Essay Question (2 points): How does the variability in this plot differ from the plot in (a)? Compare the two displays. Keep in mind that SHUCK is a part of WHOLE. Consider the location of the different age classes.

Answer: (Enter your answer here.) There is less variance in plot b compared to plot a. The reason for this is that plot b is comparing shuck weight to whole weight, while in plot a the comparison is weight to volume. —–

### Section 3: (8 points) Getting insights about the data using graphs.

(3)(a) (2 points) Use “mydata” to create a multi-figured plot with histograms, boxplots and Q-Q plots of RATIO differentiated by sex. This can be done using par(mfrow = c(3,3)) and base R or grid.arrange() and ggplot2. The first row would show the histograms, the second row the boxplots and the third row the Q-Q plots.

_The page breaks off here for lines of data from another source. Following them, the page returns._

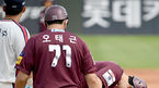 [OSEN=부산, 김성락 기자] 12일 오후 부산 사직야구장에서 '2021 신한은행 SOL KBO리그' 롯데 자이언츠와 키움 히어로즈의 더블헤더 경기 1차전이 열렸다.3회초 2사 1, 3루 키움 박동원이 1타점 적시타를 날린 뒤 오태근 코치와 하이파이
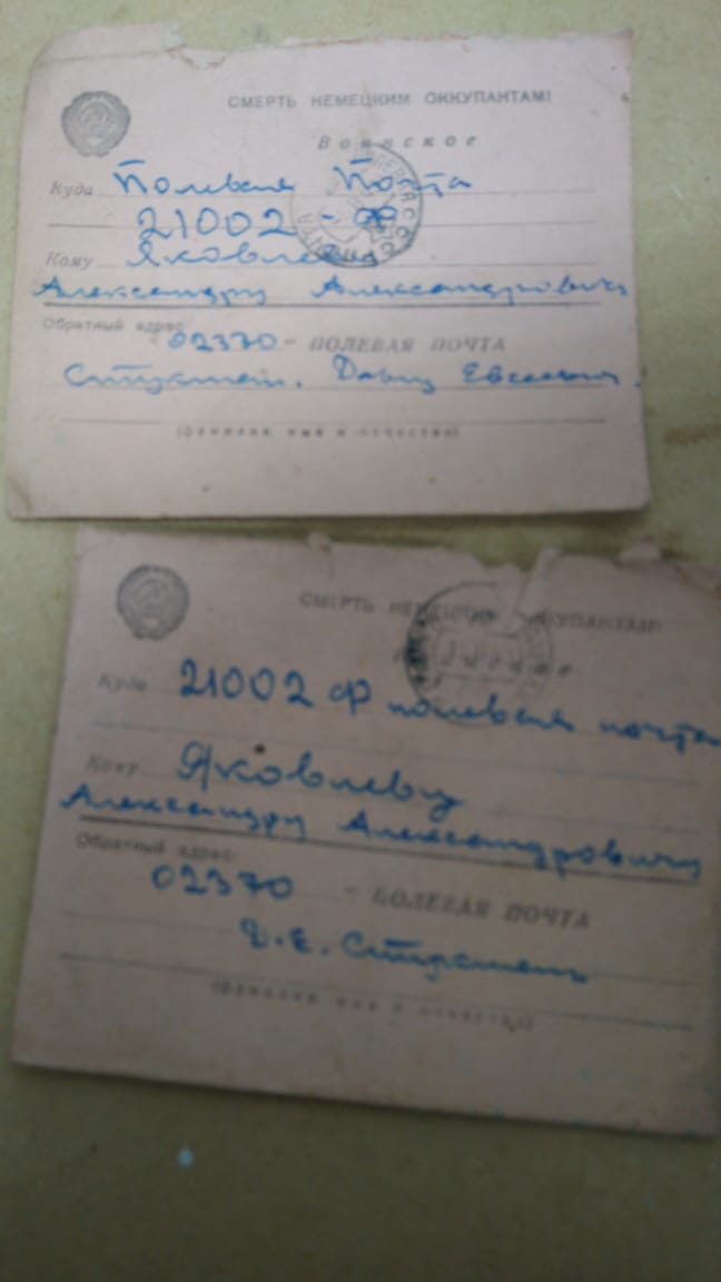 Сюжет предварительно понимаю так. Жили братья в Москве, одного направили в Петербург управляющим водоканала. У него был сын (расстрелян), жена и дочь(упоминаются в письме) как дядей и тётей из Ленинграда. Письмо одно из мединститута, а другое - из танковой учебки. Но адресат по линии родственников в Москве. Всплывает фамилия Яковлев. Он хорошо знает своих родственников в Ленинграде. Но письма с московским адресатом - оказываются на чердаке дома в Отрадном.
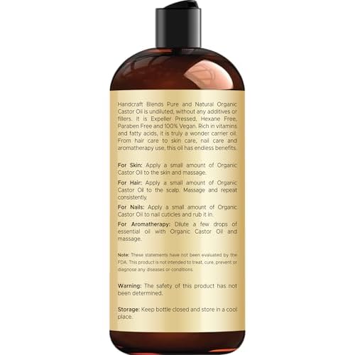 Handcraft Blends Organic Castor Oil – 16 Fl Oz – 100% Pure and Natural – Premium Grade Carrier Oil for Hair Growth, Eyelashes and Eyebrows – Hair and Body – Expeller-Pressed & Hexane-Free

Be sure these displays are legible.

Essay Question (2 points): Compare the displays. How do the distributions compare to normality? Take into account the criteria discussed in the sync sessions to evaluate non-normality.

Answer: (Enter your answer here.) The plots show that the data is skewed right, with right tails on the histograms, box plots, and Q-Q plots as well. From what we can see, the data is not normally distributed, which presents an issue.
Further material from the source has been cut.